Keywords
Malpighiales, Phyllanthaceae, phylogenetic relationships, plastome, star gooseberry
This article is included in the Genomics and Genetics gateway.
Phyllanthus acidus (L.) Skeels (Phyllanthaceae) is a potential medicinal plant recognized for its sour and tart-tasting fruits. In this study, the chloroplast genome of P. acidus was sequenced, assembled, and characterized. The chloroplast genome size was 156,331 bp, and the overall GC content was 36.9%. Additionally, the chloroplast genome had a quadripartite structure consisting of a large single copy (LSC; 85,807 bp in length; GC content: 34.6%), a small single copy (SSC; 19,262 bp in length; GC content: 30.6%), and two inverted repeat regions (IR; 25,631 bp in length; GC content: 43.1%). A total of 113 unique genes were annotated in the chloroplast genome, including 79 protein-coding genes, 30 tRNAs, and four rRNAs. The phylogenetic analysis based on 79 protein-coding genes revealed the paraphyly of the Phyllanthus genus. These findings provided additional genetic information for further research on P. acidus and the cp genome in the Phyllanthaceae family.

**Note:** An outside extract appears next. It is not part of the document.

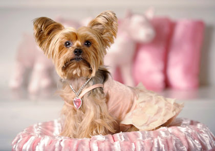 Lily models the Penelope gown, inspired by the gown worn by Penelope Cruz to the Oscars in 2007, at Little Lily in Los Angeles, California February 18, 2008. Pet fashion label Little Lily has designed a range of dog clothes inspired by the actual gowns worn by A-listers on the Oscar red carpet.(Agencies)

Malpighiales, Phyllanthaceae, phylogenetic relationships, plastome, star gooseberry
Based on the comments of the reviewer, we added the new information for phylogenetic analysis with Bayesian inference method, coverage depth, and cis/trans-splicing genes. In addition, we added the reason for conducting the current study with Phyllanthus acidus target.

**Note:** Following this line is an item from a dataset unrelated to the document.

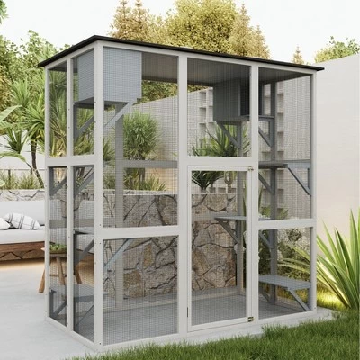- Durable & Weatherproof Build: Constructed from solid wood with black rust-proof metal wire, this catio ensures strength, safety, and long-term outdoor use. The asphalt roof protects against sun and rain.

See the authors' detailed response to the review by Jessica D. Rey
Phyllanthus acidus (L.) Skeels, also known as star gooseberry, belongs to the Phyllanthaceae family and is commonly distributed in the wet tropical regions, including South Asia, Southeast Asia, Central Africa, the Caribbean region, Central America, and South America (POWO 2022). P. acidus has been traditionally used to treat various diseases, including inflammation, gastrointestinal problems, rheumatism, bronchitis, Alzheimer’s, and hepatic diseases (Jain et al. 2011; Chakraborty et al. 2012; Srirama et al. 2012; Uddin et al. 2016). The leaves and roots of P. acidus also possess antidotal properties against viper venom (Jayvir 1998). Moreover, P. acidus could potentially alleviate hypertension (Leeya et al. 2010).
The chloroplast (cp) genome is highly effective at inferring phylogeny since it is predominantly maternally inherited, has a conversed structure and gene content, and has a slow mutation frequency (Palmer et al. 1988). Additionally, the cp genomes provide essential data for examining population genetics, molecular identification, and genetic engineering (Powell et al. 1995; Daniell et al. 2016; Cao et al. 2022). The current study explored the characteristics of the P. acidus cp genome which has not been studied and its phylogenetic implication to gain more information about the evolution and phylogenetic relationships within the Phyllanthaceae family and closely related taxa.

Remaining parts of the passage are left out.